*** Begin section ***
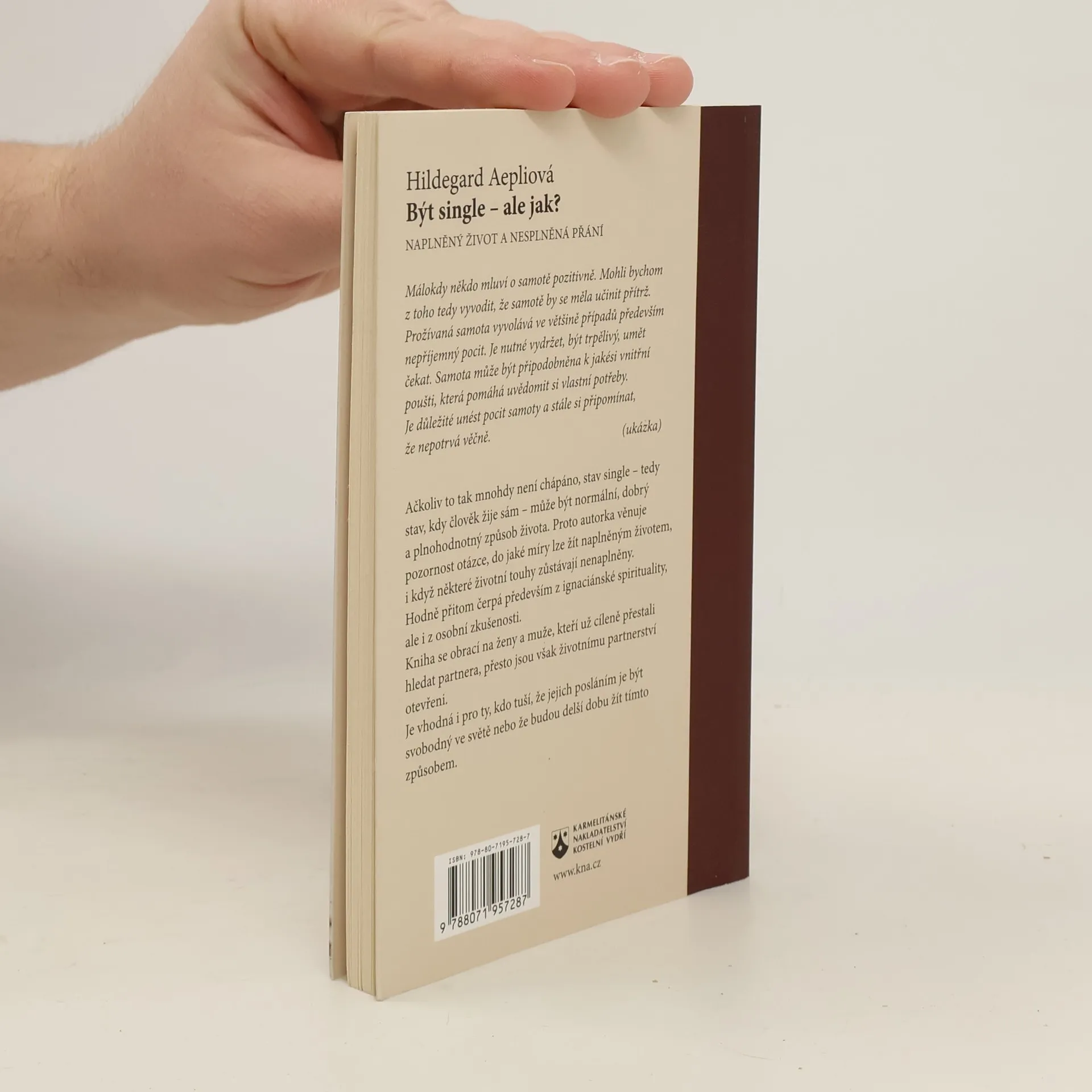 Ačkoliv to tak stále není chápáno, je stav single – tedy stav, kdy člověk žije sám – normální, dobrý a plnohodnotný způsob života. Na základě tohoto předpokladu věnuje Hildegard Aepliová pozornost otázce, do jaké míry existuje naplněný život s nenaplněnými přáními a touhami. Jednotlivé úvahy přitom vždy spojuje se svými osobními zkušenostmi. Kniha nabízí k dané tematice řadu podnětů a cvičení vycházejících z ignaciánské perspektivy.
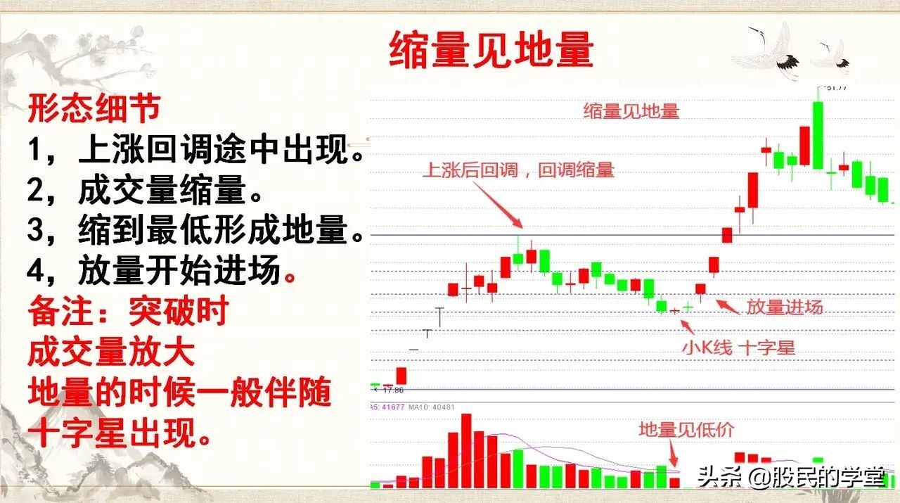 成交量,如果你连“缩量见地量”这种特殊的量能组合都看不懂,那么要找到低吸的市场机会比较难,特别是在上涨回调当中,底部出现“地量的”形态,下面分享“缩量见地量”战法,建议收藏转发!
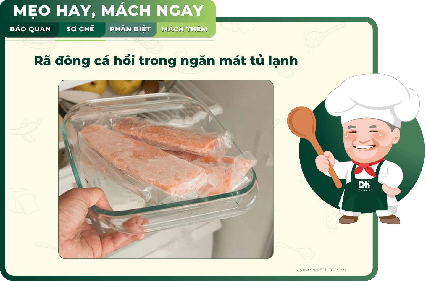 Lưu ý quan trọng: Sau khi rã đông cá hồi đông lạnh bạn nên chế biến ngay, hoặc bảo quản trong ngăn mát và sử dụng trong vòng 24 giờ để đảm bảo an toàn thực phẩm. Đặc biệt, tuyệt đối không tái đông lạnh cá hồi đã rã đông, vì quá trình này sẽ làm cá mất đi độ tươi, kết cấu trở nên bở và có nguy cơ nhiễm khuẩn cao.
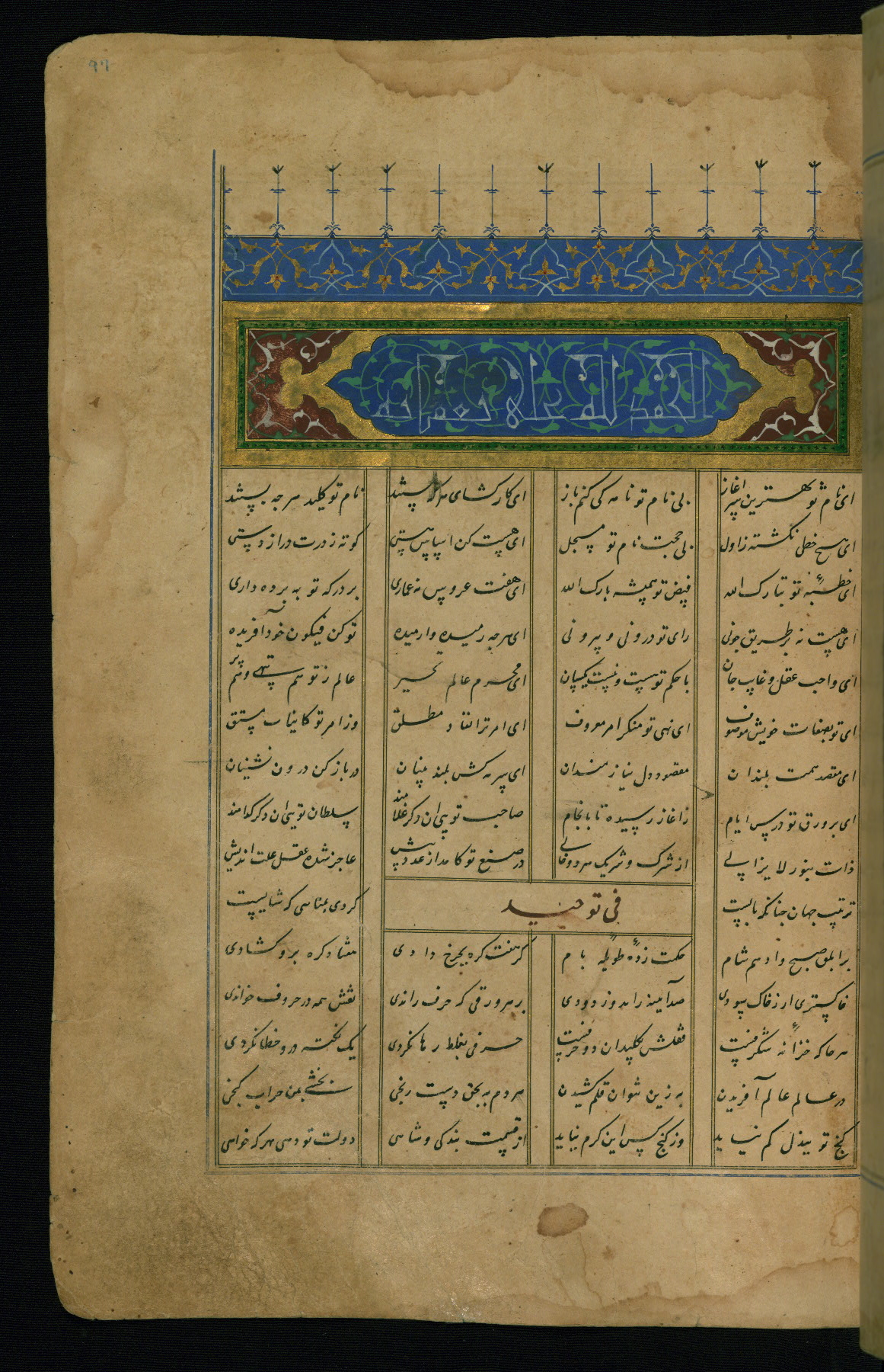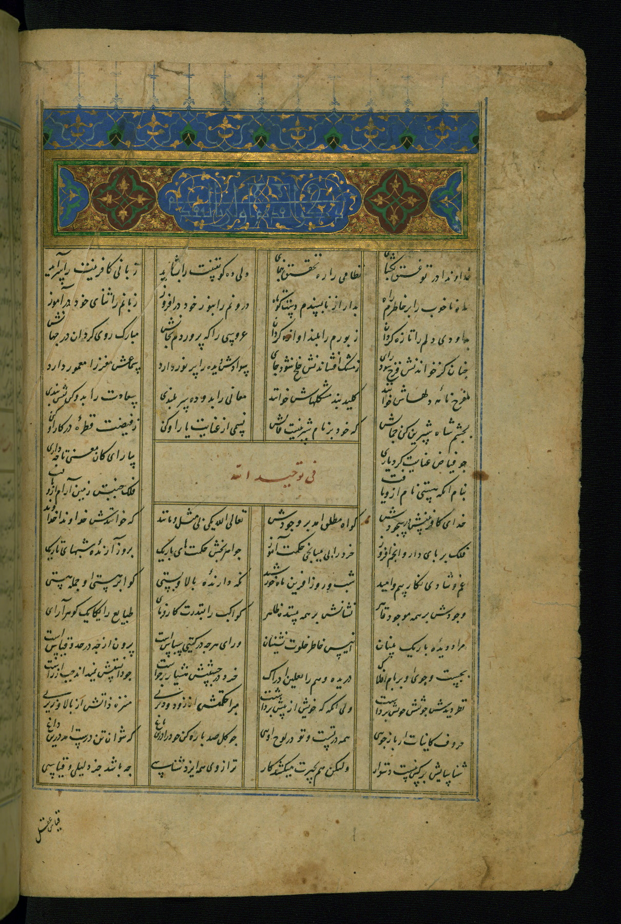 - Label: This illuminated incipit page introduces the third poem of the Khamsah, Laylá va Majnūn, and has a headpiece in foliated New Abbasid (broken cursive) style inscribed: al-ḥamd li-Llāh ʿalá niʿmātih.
*** End section ***
*** Begin section ***
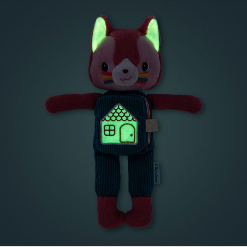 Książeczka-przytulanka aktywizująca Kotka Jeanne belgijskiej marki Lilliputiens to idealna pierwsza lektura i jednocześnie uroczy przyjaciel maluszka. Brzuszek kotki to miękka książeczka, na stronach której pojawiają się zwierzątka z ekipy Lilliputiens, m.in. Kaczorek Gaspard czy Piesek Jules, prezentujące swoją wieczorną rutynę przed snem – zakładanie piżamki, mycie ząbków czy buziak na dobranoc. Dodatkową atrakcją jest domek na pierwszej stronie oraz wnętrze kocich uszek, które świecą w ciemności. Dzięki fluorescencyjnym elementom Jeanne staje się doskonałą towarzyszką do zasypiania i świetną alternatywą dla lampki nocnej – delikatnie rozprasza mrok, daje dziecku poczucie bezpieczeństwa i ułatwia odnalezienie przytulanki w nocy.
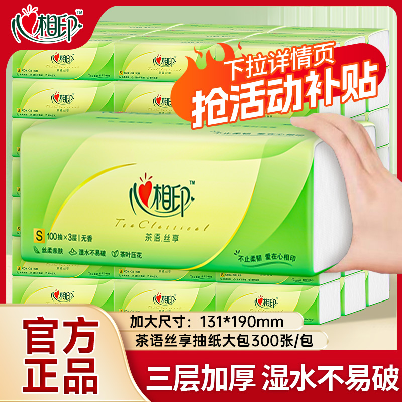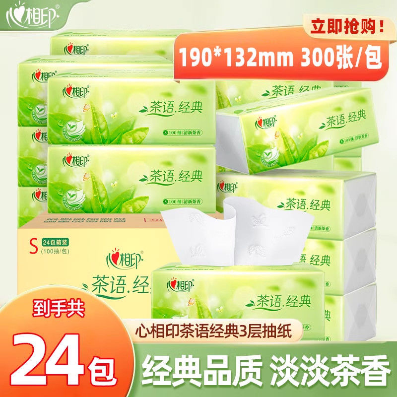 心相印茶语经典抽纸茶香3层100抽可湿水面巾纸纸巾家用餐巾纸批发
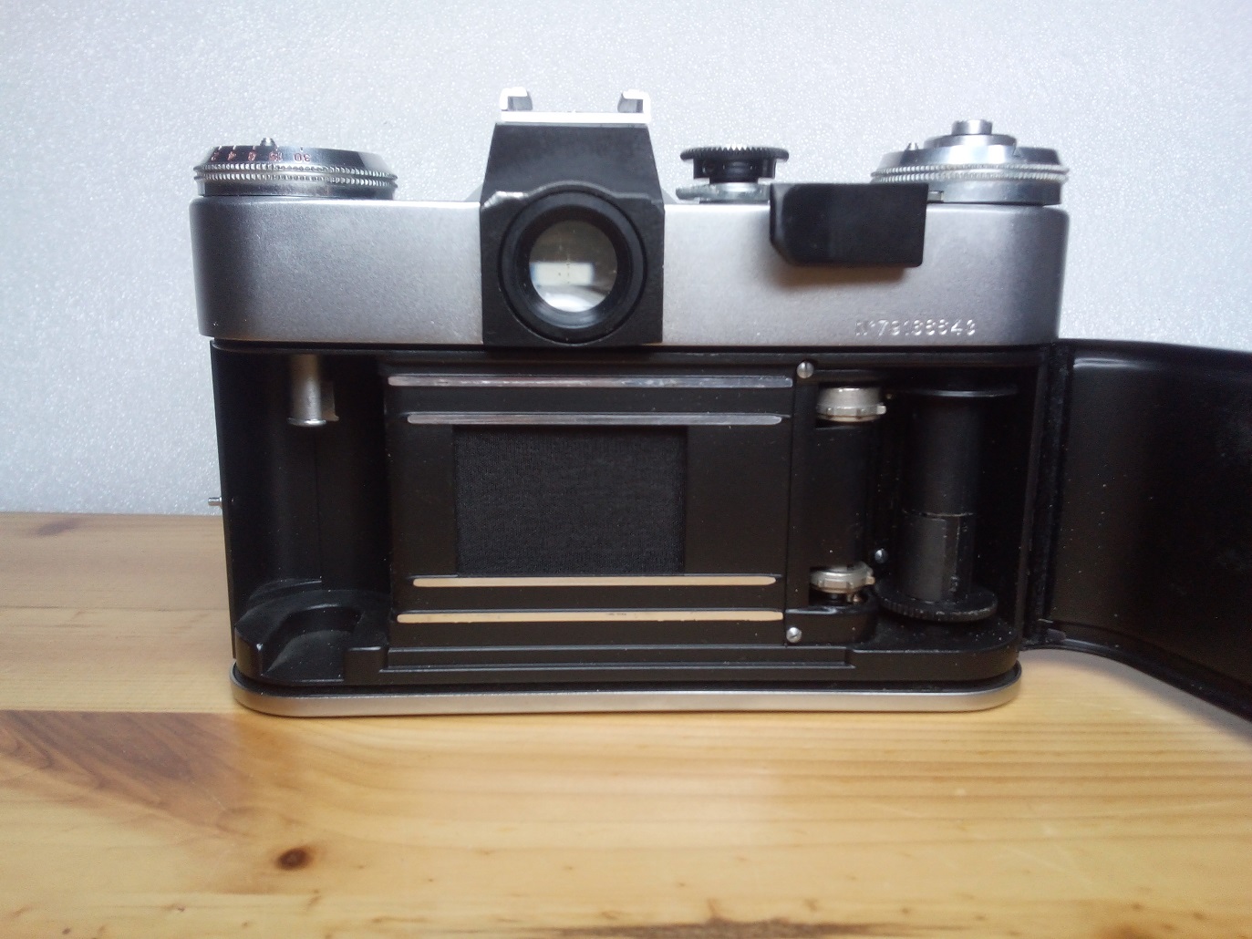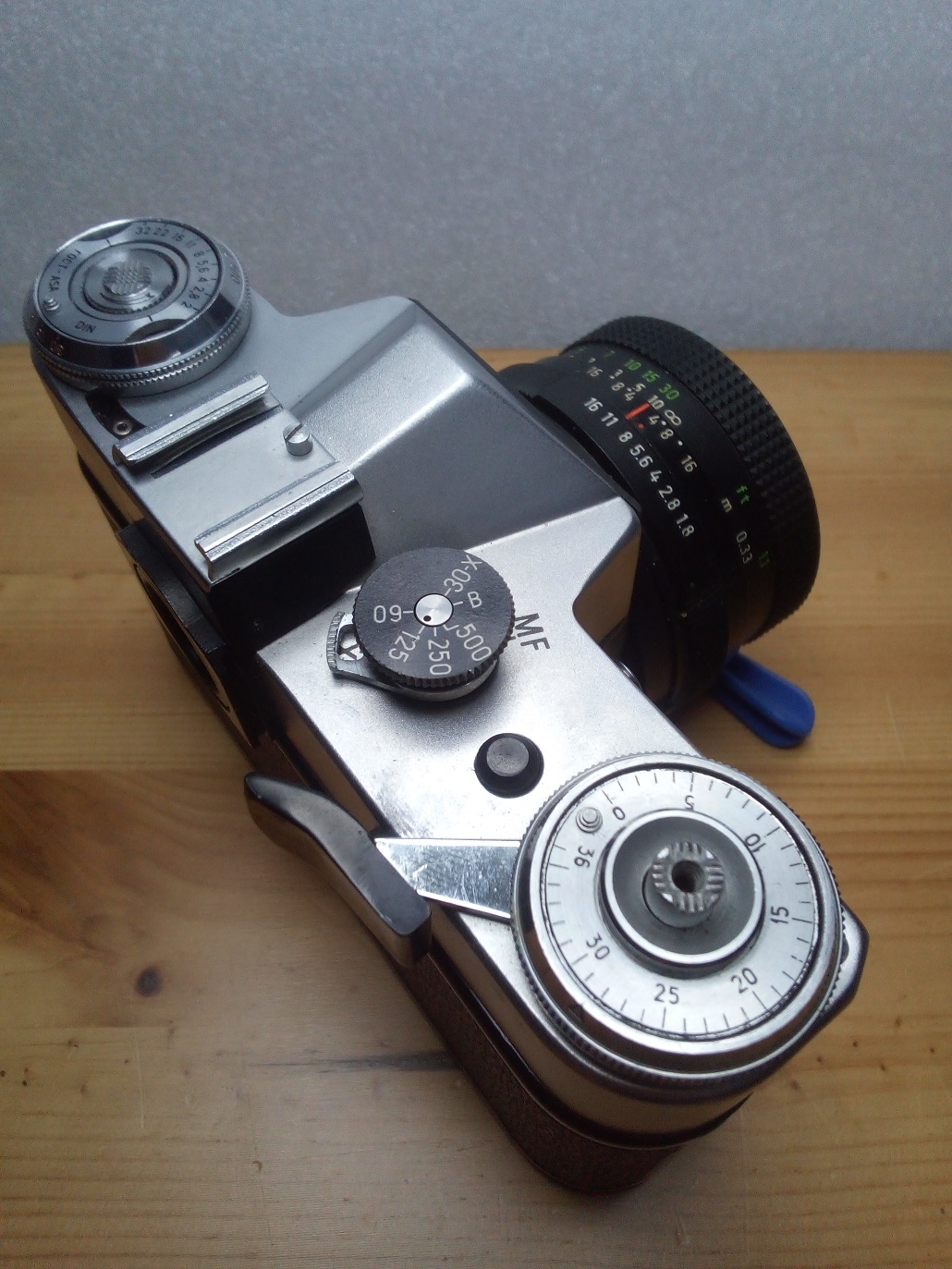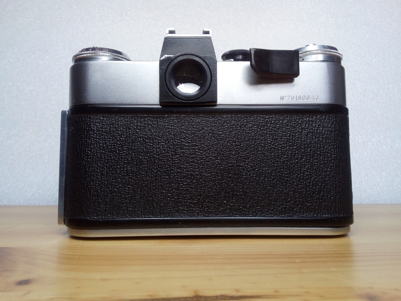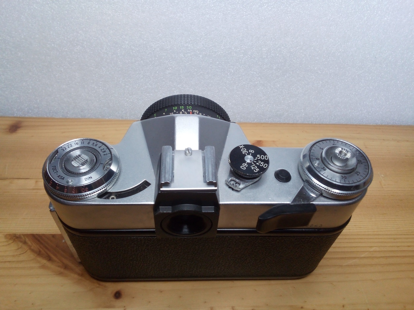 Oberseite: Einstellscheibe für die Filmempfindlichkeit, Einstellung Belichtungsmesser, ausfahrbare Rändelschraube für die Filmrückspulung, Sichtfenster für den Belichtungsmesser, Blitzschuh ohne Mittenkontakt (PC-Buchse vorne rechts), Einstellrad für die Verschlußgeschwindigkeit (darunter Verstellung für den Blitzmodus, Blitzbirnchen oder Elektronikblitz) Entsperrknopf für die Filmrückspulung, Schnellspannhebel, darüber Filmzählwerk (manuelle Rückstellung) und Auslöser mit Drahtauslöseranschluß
*** End section ***
◆ **Task goal**: Print everything from the line with "Ačkoliv to tak" down to the line with "- Label: This" in the entries above, both lines included and nothing more, without the pictures.

◆ **Response to this task**:
 Ačkoliv to tak stále není chápáno, je stav single – tedy stav, kdy člověk žije sám – normální, dobrý a plnohodnotný způsob života. Na základě tohoto předpokladu věnuje Hildegard Aepliová pozornost otázce, do jaké míry existuje naplněný život s nenaplněnými přáními a touhami. Jednotlivé úvahy přitom vždy spojuje se svými osobními zkušenostmi. Kniha nabízí k dané tematice řadu podnětů a cvičení vycházejících z ignaciánské perspektivy.
 成交量,如果你连“缩量见地量”这种特殊的量能组合都看不懂,那么要找到低吸的市场机会比较难,特别是在上涨回调当中,底部出现“地量的”形态,下面分享“缩量见地量”战法,建议收藏转发!
 Lưu ý quan trọng: Sau khi rã đông cá hồi đông lạnh bạn nên chế biến ngay, hoặc bảo quản trong ngăn mát và sử dụng trong vòng 24 giờ để đảm bảo an toàn thực phẩm. Đặc biệt, tuyệt đối không tái đông lạnh cá hồi đã rã đông, vì quá trình này sẽ làm cá mất đi độ tươi, kết cấu trở nên bở và có nguy cơ nhiễm khuẩn cao.
 - Label: This illuminated incipit page introduces the third poem of the Khamsah, Laylá va Majnūn, and has a headpiece in foliated New Abbasid (broken cursive) style inscribed: al-ḥamd li-Llāh ʿalá niʿmātih.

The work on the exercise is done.